In this post, we’ll build a simple yet powerful voice-controlled app using nothing but plain JavaScript.
You’ll learn how to:

Capture live speech
Convert it to text in real time
Trigger actions based on keywords
Make your app talk back

Let’s give your browser a voice.

1. Meet the SpeechRecognition API

The SpeechRecognition API (also called the Web Speech API) is built into modern browsers.
It allows developers to access the user’s microphone, process audio, and return a text transcript.

No server, no external API key, everything happens right inside the browser.

Here’s how you create an instance safely across browsers:

const SpeechRecognition =
  window.SpeechRecognition || window.webkitSpeechRecognition;

const recognition = new SpeechRecognition();
recognition.lang = 'en-US';
recognition.interimResults = false;

Once started, it listens to the user’s voice and fires an onresult event whenever it recognizes speech.

2. The Smallest Possible Demo

Let’s build a simple interface that listens and displays what you say.

<button id="start">🎤 Start Listening</button>
<p id="output">Say something...</p>

<script>
  const SpeechRecognition = window.SpeechRecognition || window.webkitSpeechRecognition;
  const recognition = new SpeechRecognition();
  recognition.lang = 'en-US';
  recognition.interimResults = false;

  const output = document.getElementById('output');
  const startBtn = document.getElementById('start');

  startBtn.addEventListener('click', () => {
    recognition.start();
    output.textContent = 'Listening...';
  });

  recognition.onresult = (event) => {
    const text = event.results[0][0].transcript;
    output.textContent = `You said: ${text}`;
  };
</script>

Click the button, talk, and watch your words appear on screen.
That’s real-time speech recognition with zero dependencies.

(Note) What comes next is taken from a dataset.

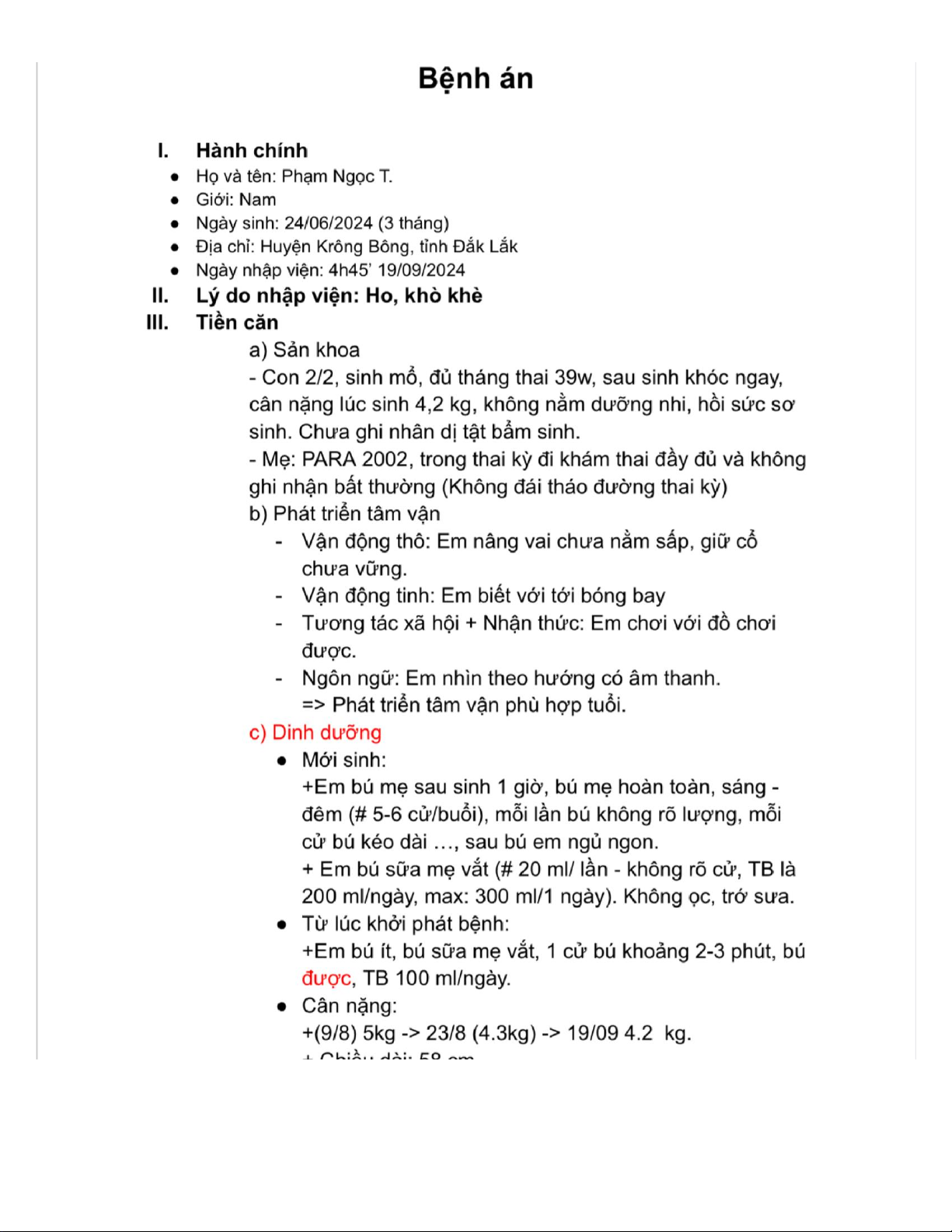 Lý do nhập viện: Ho, khò khè III. Tiền căn a) Sản khoa - Con 2/2, sinh mổ,

3. Turn Speech into Actions

Now that we can capture text, let’s make the app respond to commands.

recognition.onresult = (event) => {
  const command = event.results[0][0].transcript.toLowerCase();

  if (command.includes('dark mode')) {
    document.body.style.background = '#111';
    document.body.style.color = '#fff';
  } else if (command.includes('light mode')) {
    document.body.style.background = '#fff';
    document.body.style.color = '#000';
  } else if (command.includes('scroll down')) {
    window.scrollBy(0, 500);
  } else if (command.includes('scroll up')) {
    window.scrollBy(0, -500);
  }

  console.log('Command received:', command);
};

Now say “Dark mode” or “Scroll down,” and your app instantly reacts.
You’ve just built a basic voice-controlled interface.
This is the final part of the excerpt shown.